With a diverse enrollment, 66% of the students at the FDC are Black. The remaining 34% breaks down as 22% White, 7% Biracial, 5% Latino, and less than 5% Asian or Native American. A majority of the center’s enrollment comes from low income homes, placing them “at risk for school failure.”

Despite those odds, the FDC’s children flourish. Carol Morrison, Executive Director of the FDC, authored the facility summary and collected the statistics that went into the BCDI report.

“We’re just doing good school. We’re just doing really good practices. We’re doing what everybody should be doing,” Morrison said. “Low income is a risk factor, you know, being below the poverty level. Another risk factor is having a high-risk pregnancy. Having a low birth weight, coming from a single-parent home, these are risk factors (in early education success). Black is not a risk factor.”

Morrison is quick to point out that the center is more than a day care or a preschool. Its reach goes far beyond its hours of operation, and this is so much of what makes the FDC a success.

“We take a comprehensive approach. We have caseworkers who work with our families, we have a social services person – if the family has needs, we can help them set and meet those goals,” she said.

Caseworkers often begin working with families during the prenatal period, helping them to connect with whatever resources they may need during that crucial time before birth. With an average waiting list of 40 children, Morrison said that this is the best way to guarantee a place at the FDC.

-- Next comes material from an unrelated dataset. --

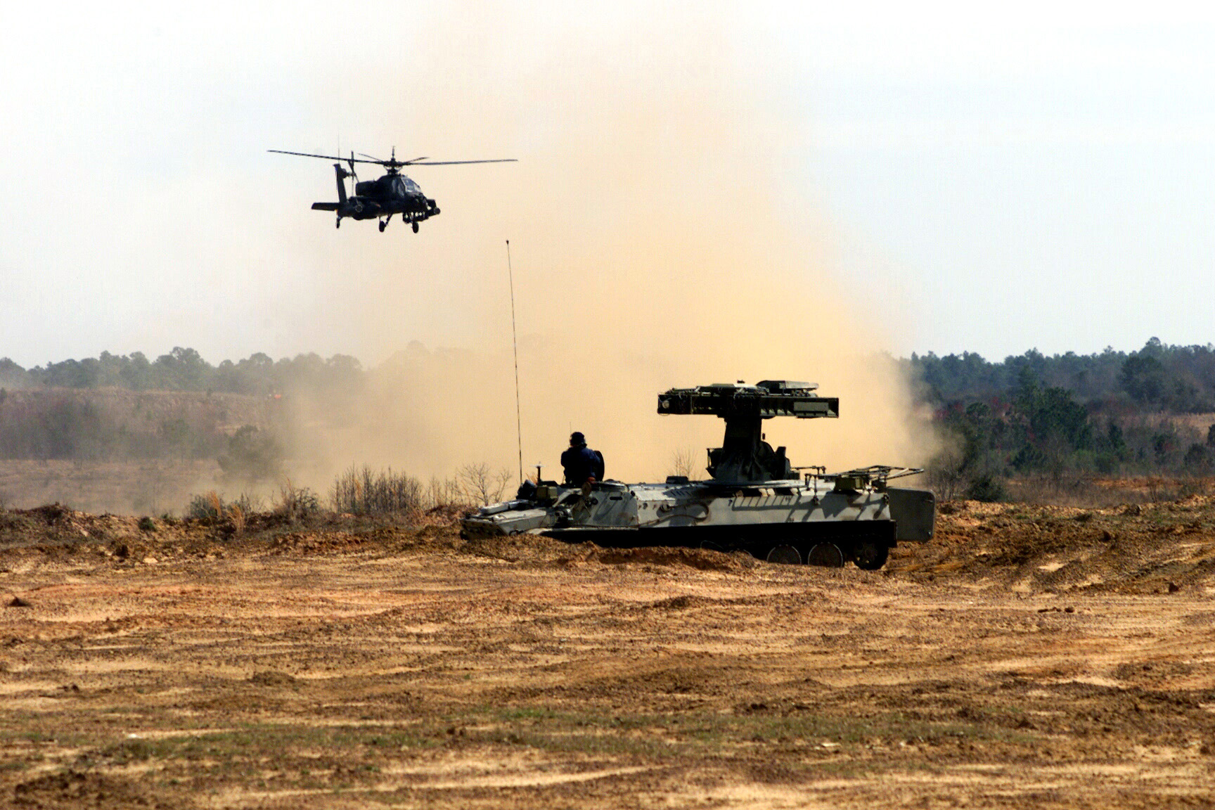 A US Army AH-64 Apache Attach Helicopter moves up to check out an enemy, Russian made SA-13 short-range surface to air missile system; during ASCIET (All Service Combat Identification Evaluation Test) training; held at the US Army's Training and Support Center, Fort Stewart, Georgia.

Jennifer Armstrong Ph.D., CCC-SLP, Associate Professor in the Department of Communication Disorders at GSU, agrees that one of the FDC’s great strengths lies in their holistic approach.

“They look at the entire child. They’ve structured the environment—the classrooms, the hallways, the atrium—to support the children and reinforce who they are. They support their language, their learning,” Armstrong said. “They’re reinforcing the entire child through their work with families. It’s a space where children can express themselves emotionally and the teachers are able to reinforce their understanding of their experience.”

Armstrong’s students conduct language and hearing screenings at the FDC as part of their own learning, and she holds language and literacy workshops for the parents and teachers involved with the center.

As Armstrong pointed out, the architecture plays a role in the center’s success. At the FDC, children are given room to grow. Originally designed to be a charter school, it features greenhouse atriums in between all of the classrooms. These heated, vault-ceilinged spaces are furnished with sandboxes and picnic areas. The glass panels bring in all of the natural light of the outdoors and allow the center’s children to “play outside” even in the frostiest depths of Chicago’s winters.

Weather allowing, all of the children spend a minimum of 30 minutes in the real outside during the day – although Morrison said that in nice weather, that time climbs and reaches into the hours – and each age group has access to its own developmentally-appropriate playground. In the preschool yard, a pretend post office, outdoor xylophone, and a small bridge pepper the landscape surrounding traditional playground apparatus.

“It all starts at this age,” Morrison said.

For Armstrong, communication is the key, and she believes that some research has mistakenly confused socioeconomics with race.

“I think that a lot of the literature in the past has suggested that Black children do not have the same skills when compared with other children their age, and I train my students to not walk in with those negatives ideas of The Black Child,” she said. “Part of the beauty in being culturally responsible is that you can use culture as a positive influence. We have to validate the beauty of the culture and show them there are various ways we communicate with each other. For me, I know if they can have a better understanding of who they are, then they can better relate to other people and who they are.”

Morrison, proud to see the FDC included in this report, watches a preschool class in the yard. Two boys zip past her on tricycles.

“There are people in the world who think they’re Black, they’re low income, and they’re not gonna make it. They’re wrong.”